The benchmark S&P BSE Sensex index, which has been the world’s third-best performer over the past 12 months, slid 1.7 percent on Monday after exit polls showed Modi’s party losing the vote. It has gained about 1 percent since then. The rupee has declined about 0.7 percent this week.
The victory margin surprised everyone. Exit polls predicted a win for Aam Aadmi, but not a landslide. In a Delhi election 14 months ago, Modi’s BJP won 31 seats while Aam Aadmi took 28, producing a hung assembly. His party went on to win a majority in the national parliament for the first time since 1984 and made gains in four subsequent state elections.
In that time, consumer-price inflation eased to about 5 percent while the economy showed signs of accelerating after a slump.
India on Monday forecast that its expansion in the 12 months through March 31 would reach 7.4 percent under a revised method for calculating gross domestic product — a pace that would match China’s in 2014.
The reason financial investors aren’t too worried is simple: Modi still has a majority in the lower house of parliament and Delhi doesn’t contribute much to the opposition-controlled upper house, where state elections determine seats.

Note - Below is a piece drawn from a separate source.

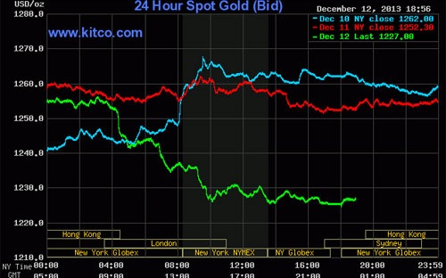 Lúc đóng cửa phiên giao dịch tại New York, giá vàng giao ngay giảm 27,1 USD/oz, tương đương giảm 2,16%, còn 1.226,2 USD/oz. Như vậy, trong hai phiên ngày 11-12/12, giá vàng đã giảm khoảng 37 USD/oz. Hiện vàng đang ở gần mức giá thấp nhất trong 5 tháng thiết lập vào hồi tuần trước.

Still, the next few months might be Modi’s best chance to push through unpopular moves. So far most of what he’s done has cost little political capital: scrapping diesel subsidies when oil prices were low and pressing ahead with measures proposed by the previous government, such as allowing more foreign investment in insurance and passing a national sales tax.
Doing more to curtail spending on food and fuel subsidies will become harder as time goes by. Bihar, a state with more sway in the upper house, will have an election later this year. Five other states hold elections in 2016.
“The prime minister is very clear that these measures, like subsidy reduction, could be bitter in the short term,” N.R. Bhanumurthy, an economist with the National Institute of Public Finance and Policy, a government-backed research group.
“But it has a very, very positive effect on employment and growth in the long term, which is most crucial for electorate.”
On the plus side for Modi, Aam Aadmi will find it hard to replicate its success beyond Delhi. The two-year-old organization led by anti-graft campaigner Kejriwal is largely confined to the capital and Punjab state in northern India.
Congress, the biggest national opposition party, didn’t win a single seat in Delhi’s election about a year after holding power in the state. It was the latest sign that the party controlled by the Gandhi dynasty which has ruled India for two- thirds of its history is shifting toward irrelevance.
Moreover, Aam Aadmi mostly took votes from Congress. While Aam Aadmi’s vote share rose to 54 percent from 30 percent in December 2013, the BJP’s fell slightly to 32 percent from 33 percent. Congress’s plummeted to 10 percent from 25 percent.
That didn’t stop some of Modi’s detractors from gloating. Mamata Banerjee, who runs the state of West Bengal, said on Twitter it was a “big defeat for the arrogant.” Even the head of BJP ally Shiv Sena called it a verdict against the federal government, India Today reported.
Modi in any case is getting right back to work with a cabinet meeting scheduled for Tuesday night. Implementation will be the key to his success, according to Manjeet Kripalani, executive director of Mumbai-based policy group Gateway House, who advised an Aam Aadmi candidate last year.
“The BJP took its eye off the ball in Delhi,” she said. “This election has shown that what the BJP needs to do is focus on the bottom level where peoples’ lives every day are being harassed by petty corruption, non-governance, non-functional municipal corporations.”